A few days ago, I celebrated one of those “milestone” birthdays. You know, the ones with a zero or five at the end of the (hopefully) two-digit number. Fortunately, my husband lifted me out of my “I’m aging” depression with a truly wonderful gift: a box of carefully-selected German wines.
Huh? Who drinks German wine, anyway? It’s not popular. And all the bottles have nuns on them, right?
When I tell people that I’m writing a new column on German wine, the inevitable response is, “Oh, that sweet stuff,” which proves my main theory of German wine – let’s call it Theorem G.
Theorem G: Most casual wine drinkers outside of Germany have no idea what German wines are all about.
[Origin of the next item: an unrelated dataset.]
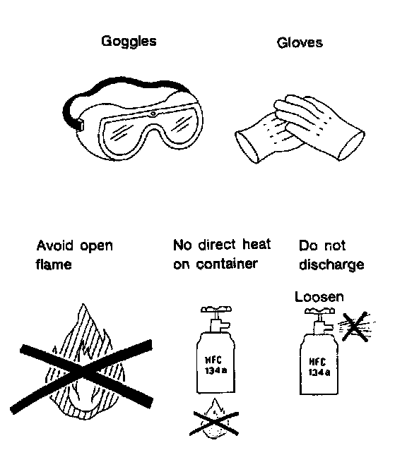 The refrigerant boils at approx. -30 °C (-22 °F). When handling it, be sure to wear safety goggles and protective gloves. Direct contact of the refrigerant with skin may cause frostbite.

And that’s no coincidence.
German wine styles are confusing, at best. It’s difficult to decode the detailed labels. Many German cooperatives and estates produce so many types of wine that drinkers often can’t tell one German wine from another. Recent changes to German wine classification laws have muddled the picture. Most American wine shops don’t stock a wide range of German wine. Many wine lovers just give up on the whole German thing.
This brings me to my next theorem – I’ll call this one Theorem N.
Theorem N: You’re missing out if you don’t taste some German wine.
German wines aren’t just light, white and sweet. German wineries produce some opulent reds, amazing (and expensive!) specialty wines and dry, balanced whites. If you haven’t tasted good-quality German wine, you’ve shortchanged yourself.